Guide to scale a Sails Node.js App with Heroku

11 min readJun 4, 2019

One of the most difficult challenges you may find as a Software Engineer is to manually or automatically scale your applications. This may have been a really hard task to achieve some years ago, but not anymore with Heroku.

Please read on, so you can see how we approached this problem in our tourware Suite at tourware.net, one of the biggest touristic Software provider companies in Germany.

A bit about our business concepts

tourware Suite is a stateless scalable web application intended to be accessed from anywhere in the world by any individual, group, or tour agency to publish their travel packages, vacation rentals, and hotels, accept bookings from other customers and more importantly be able to delegate the configuration of all the platform to the customer himself.

tourware Suite is composed of two main applications, the Mid/Back office handles all the configuration, of every customer packages, payment methods, prices, seasons, and hotels, so our customers can edit their IBEs online with just a richly cutting-edge HTML editor (see Figure 1 below).

Figure 2, tourware Suite Mid/Backoffice (Sails + ExtJS)

Once the customer is done setting up the Mid/Backoffice he can go ahead and point his domain to our IBE which gets automatically a new Heroku domain assigned with a brand new IBE app running on a container (see Figure 2) or if he prefers then he can simply go with his own existing website which can be in any CMS (see Figure 3).

Figure 3, Customer custom WordPress IBE using the tourware Suite API to fetch the data/book/pay online

At this point, I have walked you a bit around our business model. As you can see we require that our app can be easily auto-scaled so we can support in theory millions of users concurrently. This is because we have N Clients that have N customers therefore, our app can’t be down for any reason.

So, enough talk, let’s get to the tech stack

Heroku (build, deliver, monitor, and scale apps)
Node.js
Sails.js (Node.js framework with an embedded REST, Websocket API, Waterline ORM, and much more, very simple, flexible, and extendable).
Socket.io shipped within Sails.js
GitHub
Azure Redis Cache server
Kue is a priority job queue backed by Redis, built for node.js.
MongoLab for MongoDB database
Express HTTP Server
Throng for one-liner for clustered Node.js apps. Runs X workers and respawns them if they go down. Correctly handles signals from the OS.
CircleCI for continuous integration and delivery
Mocha, Sinon, Chai, Nightwatch with Selenium for the tests suite
and other cool technologies/frameworks.

You may say, wow, that’s a lot to take in, but I am sure most of you guys may have tried them out at some point in your career.

The sails app structure

To be able to create your scalable app, you first need to have an already existing Sails.js app or create your new one.

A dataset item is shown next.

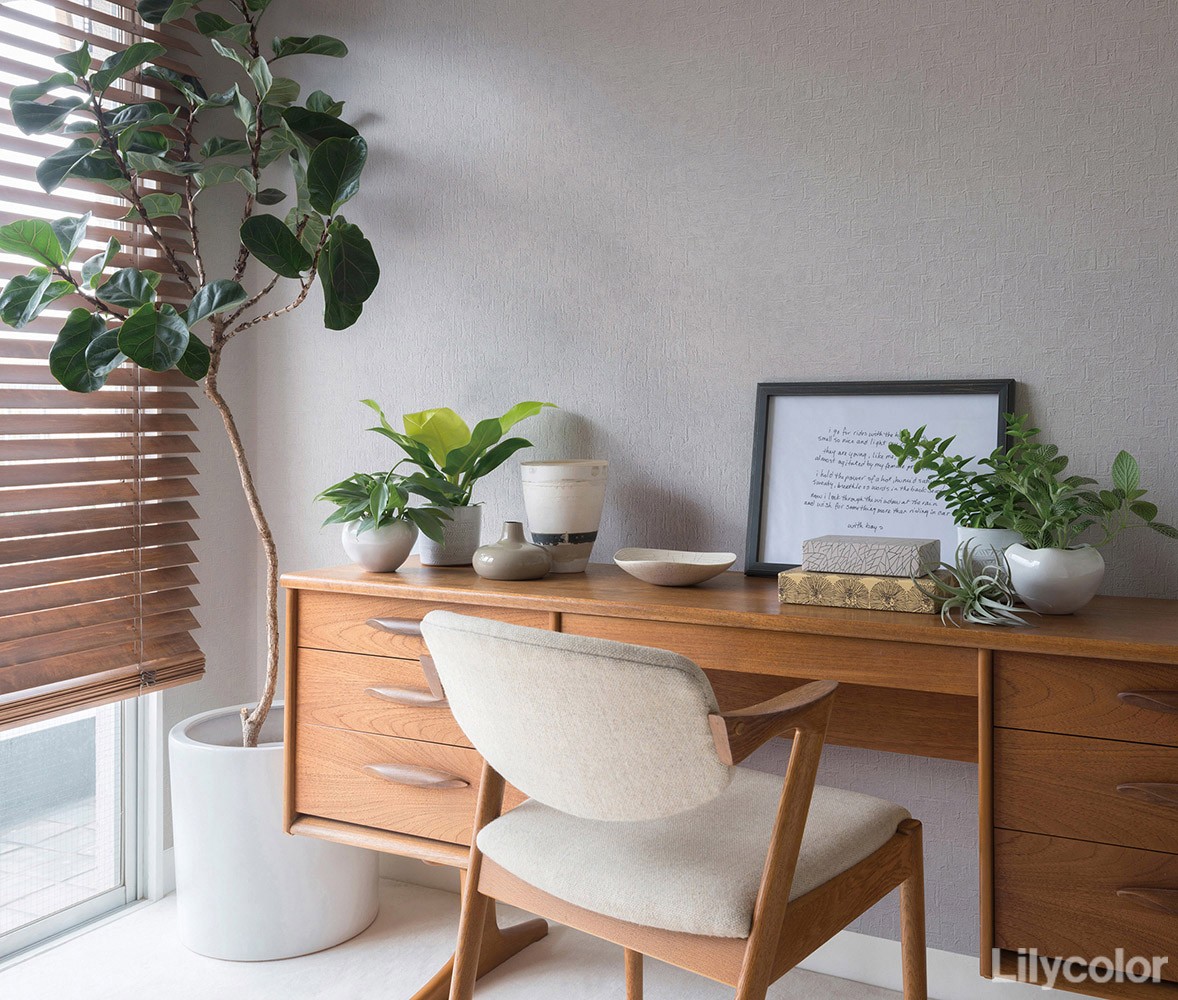 コテ塗りの表情を再現した漆喰調の壁紙。

In Sails.js an app uses an MVC architecture, therefore is basically composed by:

Models (a class structure representation of the database table that using a driver can fetch queries of any database engine)
Controllers (containing all the logic for processing users' requests)
Services (Allowing the user to separate the database queries/heavy work out of the controller)
and Views that can be rendered with any configured templating engine like swig, ejs, handlebars, and served/cached as static content via Express.

For you to have an idea of our app structure, see figure 4 with a screenshot of our folder structure.

The biggest advantage that Sails.js brings to the game is an organization, it kinda forces you to respect that frame, although everything is configurable. Therefore in the future, you can always change the complete app by just switching a different config file or just installing a new npm package and your app remains the same.

Heroku

In Heroku, applications run in a collection of lightweight Linux containers called dynos. Heroku allows you to deploy your application in different environments completely for free with logs, database, hosting, and many other cool features, completely for free, until your dyno gets to sleep. However, if you want to get serious, you will have to pay 😉

I am not going to cover all details of how to get your app to Heroku, but it should be pretty simple, as it has a complete integration with Git and allows you to import any repository at any time, as well as detect new changes and auto-deploy every time you merge your changes to the master or the selected branch for your app in Heroku.

In Figure 5 below you can see how Heroku manages different environments of your app using different pipelines. Each pipeline is connected to a branch in Git and detects changes and automatically deploys if desired by the user.

At this point, you got an understanding of how Heroku manages apps and be ready for the next step.

From stateful to stateless

This is the biggest challenge, so please keep reading and you will find out how we dealt with it.

Before scaling with Heroku, you will need to convert your app from a stateful to a stateless app, so that you can run your app in different servers/processes/dynos/workers sharing the same session, database, and other resources.

First, our app needs different processes

You may skip this step if your app does not need to run cron tasks or any heavy processing task that may delay the performance of your web application. But if it does, then you need to consider splitting your app into small sub-apps like Clock, Worker, and Web.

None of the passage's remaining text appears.